- **Dataset section**
◇ ◇ ◇
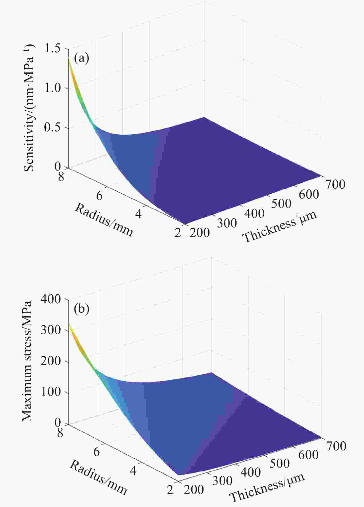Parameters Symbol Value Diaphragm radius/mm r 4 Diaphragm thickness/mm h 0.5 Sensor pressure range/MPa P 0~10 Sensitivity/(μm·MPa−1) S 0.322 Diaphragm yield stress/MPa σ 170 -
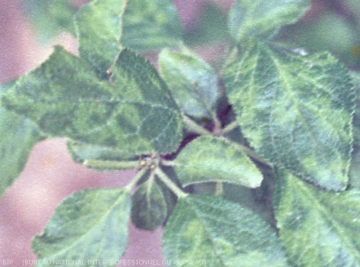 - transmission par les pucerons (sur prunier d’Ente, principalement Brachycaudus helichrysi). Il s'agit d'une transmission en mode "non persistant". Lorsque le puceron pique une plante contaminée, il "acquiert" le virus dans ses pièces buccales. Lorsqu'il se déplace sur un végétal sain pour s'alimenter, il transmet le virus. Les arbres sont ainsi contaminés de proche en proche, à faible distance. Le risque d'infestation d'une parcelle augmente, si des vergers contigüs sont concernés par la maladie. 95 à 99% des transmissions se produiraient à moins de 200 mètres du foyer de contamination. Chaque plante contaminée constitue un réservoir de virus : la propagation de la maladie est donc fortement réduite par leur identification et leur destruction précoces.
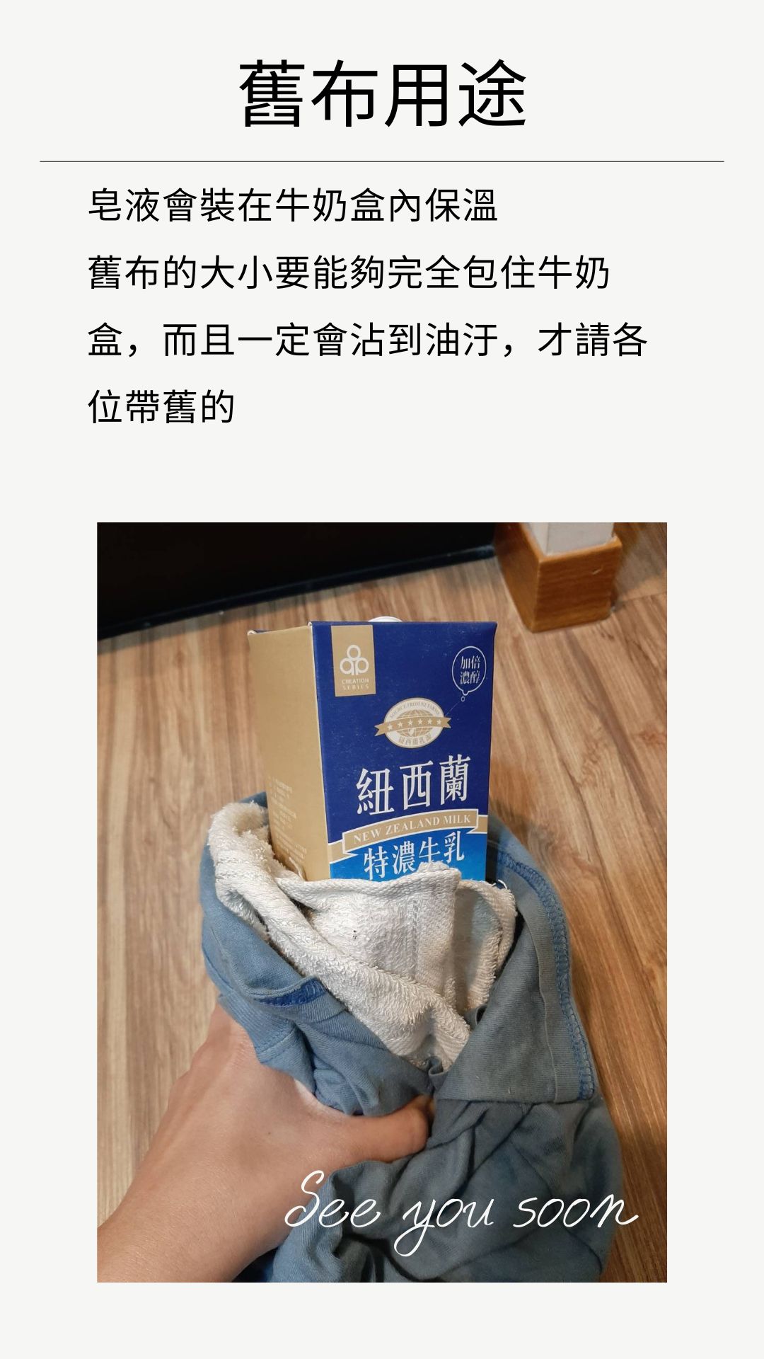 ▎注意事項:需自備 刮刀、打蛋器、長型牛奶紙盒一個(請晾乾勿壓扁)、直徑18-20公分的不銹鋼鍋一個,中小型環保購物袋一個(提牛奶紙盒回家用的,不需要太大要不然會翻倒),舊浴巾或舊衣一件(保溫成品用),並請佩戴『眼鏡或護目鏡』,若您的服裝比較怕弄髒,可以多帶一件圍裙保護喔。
◇ ◇ ◇
- **Exercise**
The lines wanted run from the one with "- transmission par" through the final line of the data; repeat them word for word and skip every picture.

- **Response for this exercise**
 - transmission par les pucerons (sur prunier d’Ente, principalement Brachycaudus helichrysi). Il s'agit d'une transmission en mode "non persistant". Lorsque le puceron pique une plante contaminée, il "acquiert" le virus dans ses pièces buccales. Lorsqu'il se déplace sur un végétal sain pour s'alimenter, il transmet le virus. Les arbres sont ainsi contaminés de proche en proche, à faible distance. Le risque d'infestation d'une parcelle augmente, si des vergers contigüs sont concernés par la maladie. 95 à 99% des transmissions se produiraient à moins de 200 mètres du foyer de contamination. Chaque plante contaminée constitue un réservoir de virus : la propagation de la maladie est donc fortement réduite par leur identification et leur destruction précoces.
 ▎注意事項:需自備 刮刀、打蛋器、長型牛奶紙盒一個(請晾乾勿壓扁)、直徑18-20公分的不銹鋼鍋一個,中小型環保購物袋一個(提牛奶紙盒回家用的,不需要太大要不然會翻倒),舊浴巾或舊衣一件(保溫成品用),並請佩戴『眼鏡或護目鏡』,若您的服裝比較怕弄髒,可以多帶一件圍裙保護喔。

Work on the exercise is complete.